Molecular characterization of enterohemorrhagic Escherichia coli isolated from diarrhea samples from human, livestock, and ground beef in North Jordan.

BACKGROUND AND AIM: Enterohemorrhagic Escherichia coli (EHEC) is an important foodborne pathogen with worldwide distribution. Data regarding its presence, distribution, virulence, and antimicrobial susceptibility among various animal species and humans in Jordan are lacking. Therefore, the objectives of this study were to isolate and characterize EHEC from human and animal diarrhea fecal samples and ground beef samples.
MATERIALS AND METHODS: A total of 100 and 270 diarrhea fecal samples from humans and animals, respectively, were collected. In addition, 40 ground beef meat samples were collected from retail markets. EHEC was positively identified by detecting Shiga toxins (stx1 and stx2) genes using multiplex polymerase chain reaction (PCR). Antimicrobial susceptibility patterns were determined using the disk diffusion test. Beta-lactamase production was detected using the double disk diffusion test and the extended-spectrum beta-lactamases (ESBLs) were identified by detection of blaTEM , blaSHV , and OXA-1 genes using multiplex PCR. Pulsed-field gel electrophoresis (PFGE) was used to investigate the relatedness of EHEC isolates from different sources.
RESULTS: Out of 410 samples, 194 E. coli isolates were positively identified, of which 57 isolates (29%) were classified as EHEC. Thirty-five (61%) of EHEC isolates were serotyped as O157 (19: O157:H7 and 16: O157:NM). The stx1 gene was detected only among the sheep and goats isolates at a rate of 7.6% and 5.2%, respectively, while the stx2 gene was detected in only one ground beef meat sample. EHEC isolates showed high resistance patterns against amoxicillin, gentamycin, cephalexin, and doxycycline. Twenty-four out of 32 EHEC isolates were determined as ESBL producers, among which 14 isolates expressed the blaSHV gene and 19 isolates expressed the blaTEM while four expressed both genes. PFGE analysis revealed two clusters with high similarity (92%) originated from ground beef meat and cattle fecal samples. No similarities were found between human and animal E. coli isolates.
CONCLUSION: Results of this study indicate widespread ESBL EHEC among humans, animals, and ground beef meat samples. These results represent an important alarm that requires the implementation of appropriate preventative measures by both human and animal health sectors to prevent the transmission of this important foodborne pathogen. Copyright: © Tarazi, et al..

Introduction

Escherichia coli is a Gram-negative bacillus of the family Enterobacteriaceae [1,2]. Although E. coli bacteria are normal inhabitants of the gastrointestinal tract of both humans and animals, pathogenic strains are capable of causing important and potentially fatal diseases [1,2].

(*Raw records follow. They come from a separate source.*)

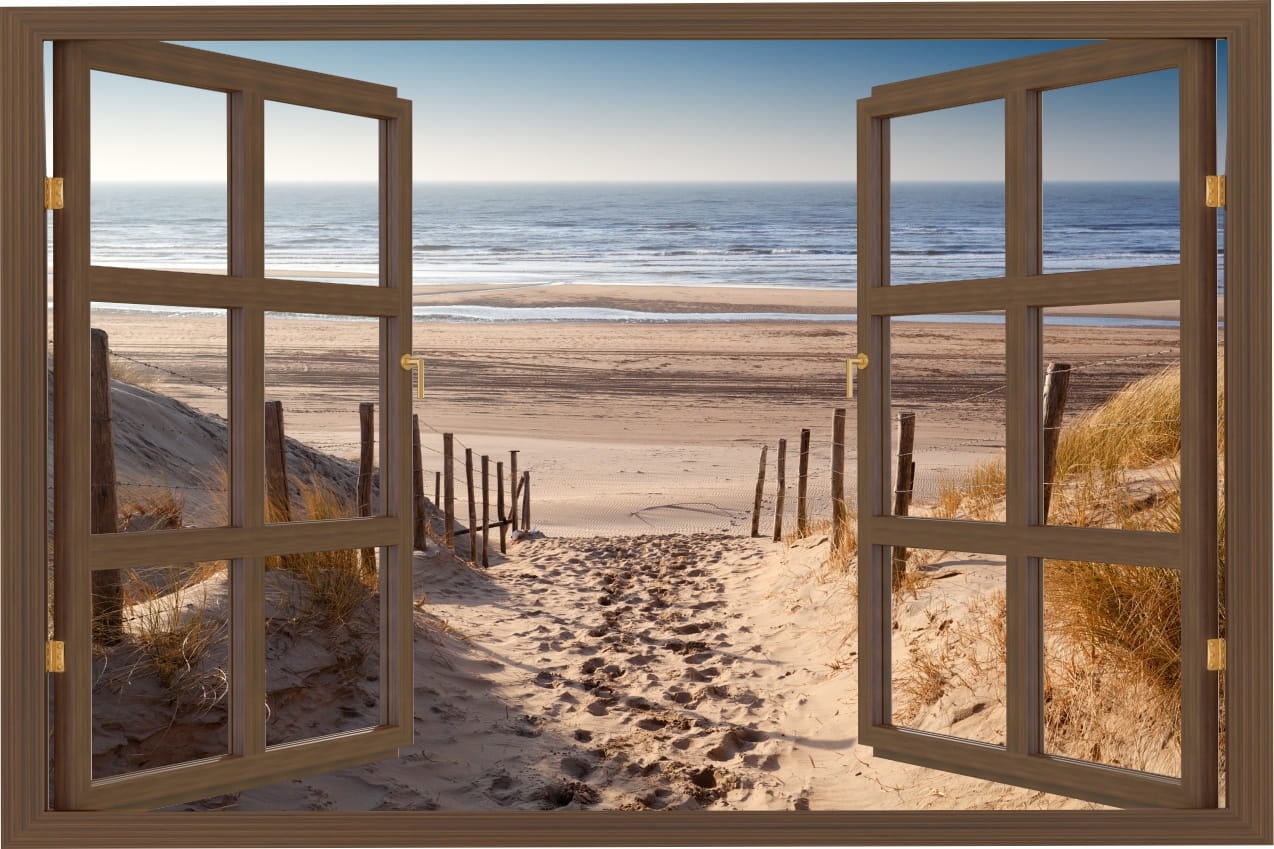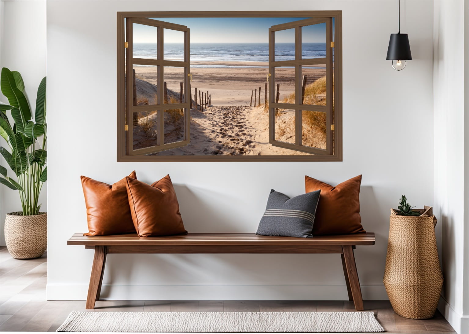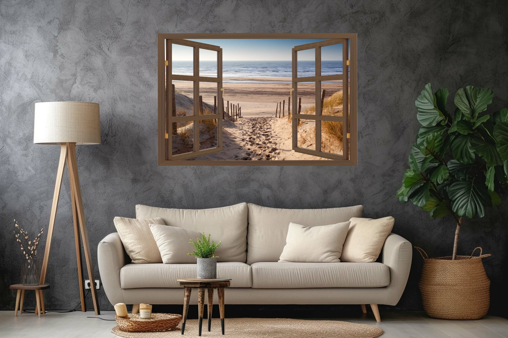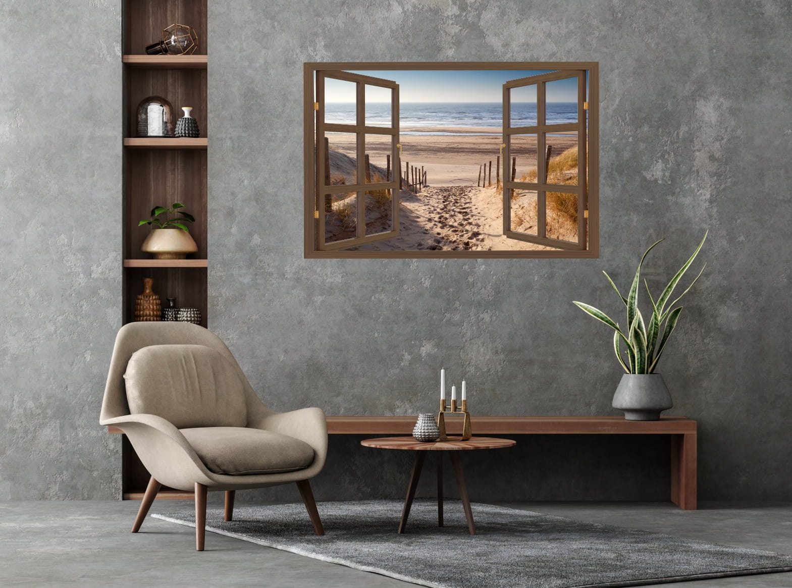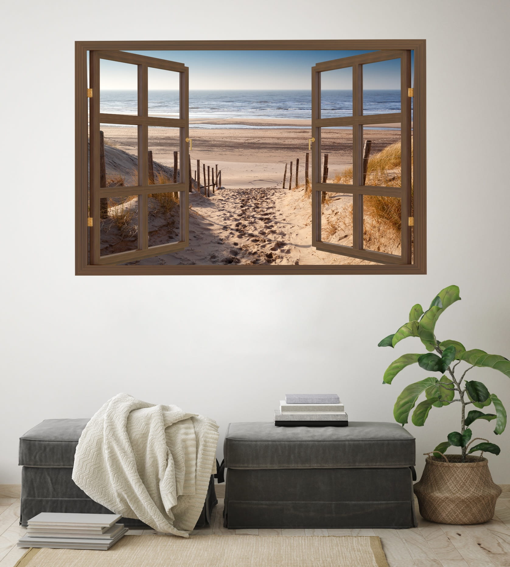 Naklejka do salonu WIDOK PRZEZ BRĄZOWE OKNO morze plaża zejście widok
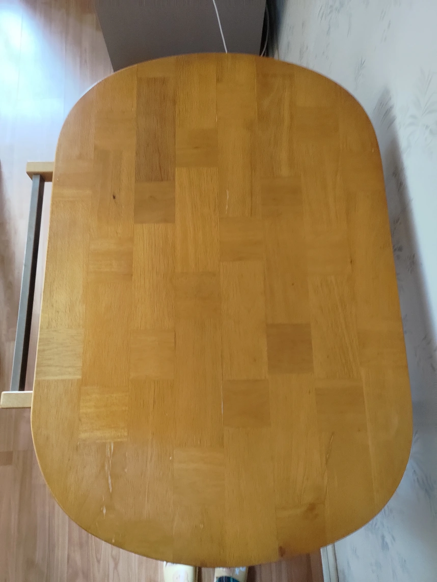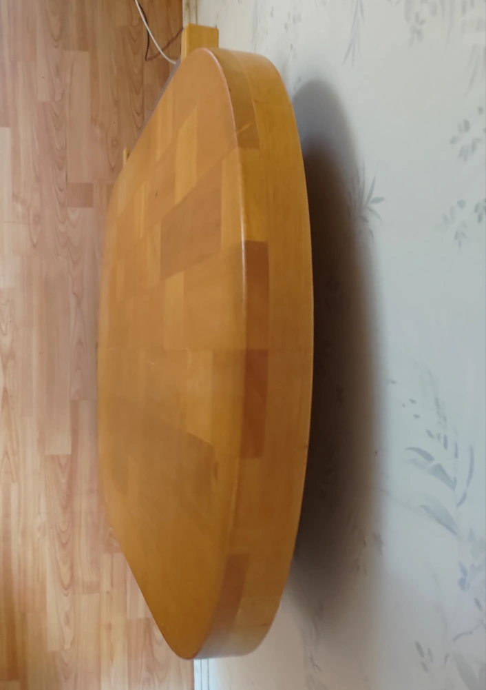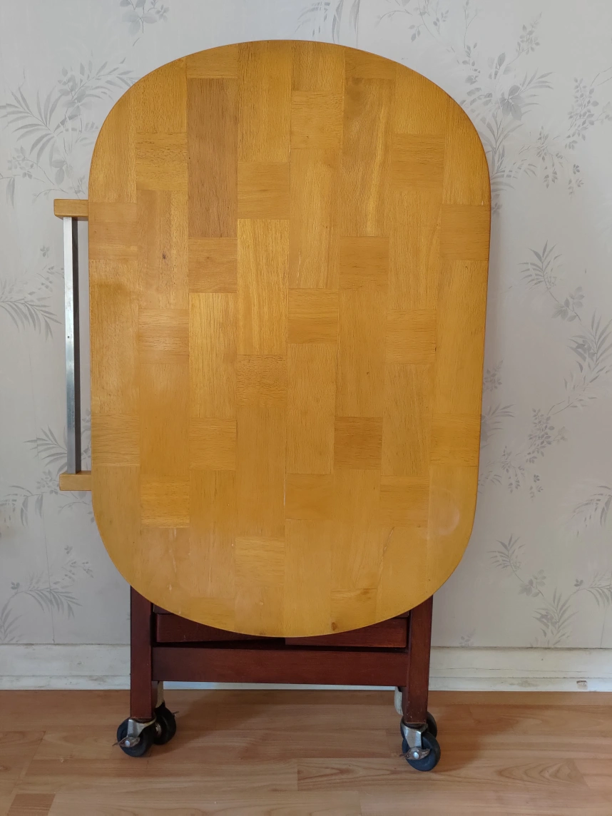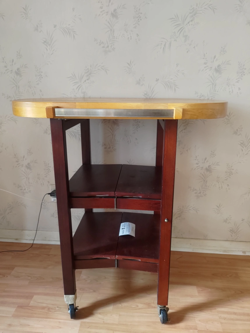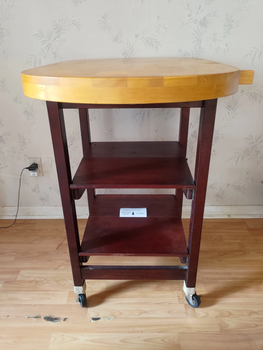 Wooden kitchen island. Features a large oval butcher block top and two lower shelves. Rolls on four caster wheels. Good for extra counter space.Foldable Kitchen Island
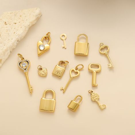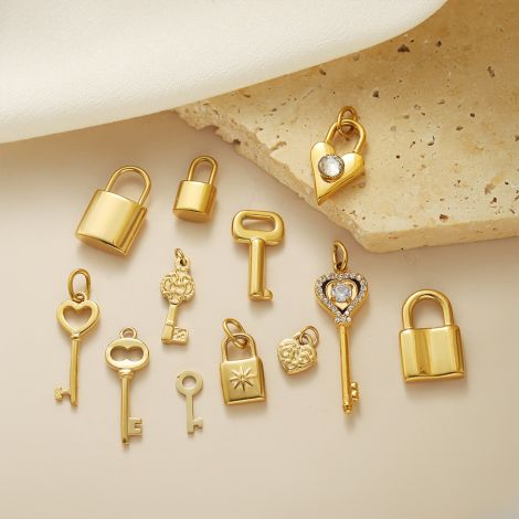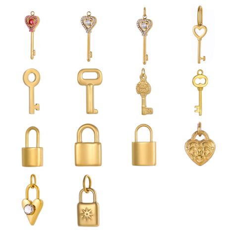 18K vacuum plated stainless steel heart lock pendant key pendant DIY accessories

In humans, enterohemorrhagic E. coli (EHEC) is considered important zoonotic bacteria causing severe bloody diarrhea, hemorrhagic colitis, hemolytic-uremic syndrome, and thrombotic thrombocytopenic purpura [1-5]. In cattle and sheep, several pathogenic E. coli are the cause of neonatal calf diarrhea and sepsis, including enterotoxigenic (ETEC), enteropathogenic (EPEC), shigatoxigenic (STEC), enterohemorrhagic (EHEC), enteroinvasive (EIEC), enteroaggregative (EAEC), and enteroadherent E. coli (EAdEC) strains [6-10].

Several outbreaks of foodborne illnesses around the world have been traced back to the consumption of poultry and ground meat, dairy products, and fresh vegetables contaminated with E. coli O157:H7 [1-3]. This extremely pathogenic strain of E. coli is characterized by several virulence factors, including biofilm formation and production of potent toxins, including Shiga toxins, intimin, and enterohemolysin [1-11].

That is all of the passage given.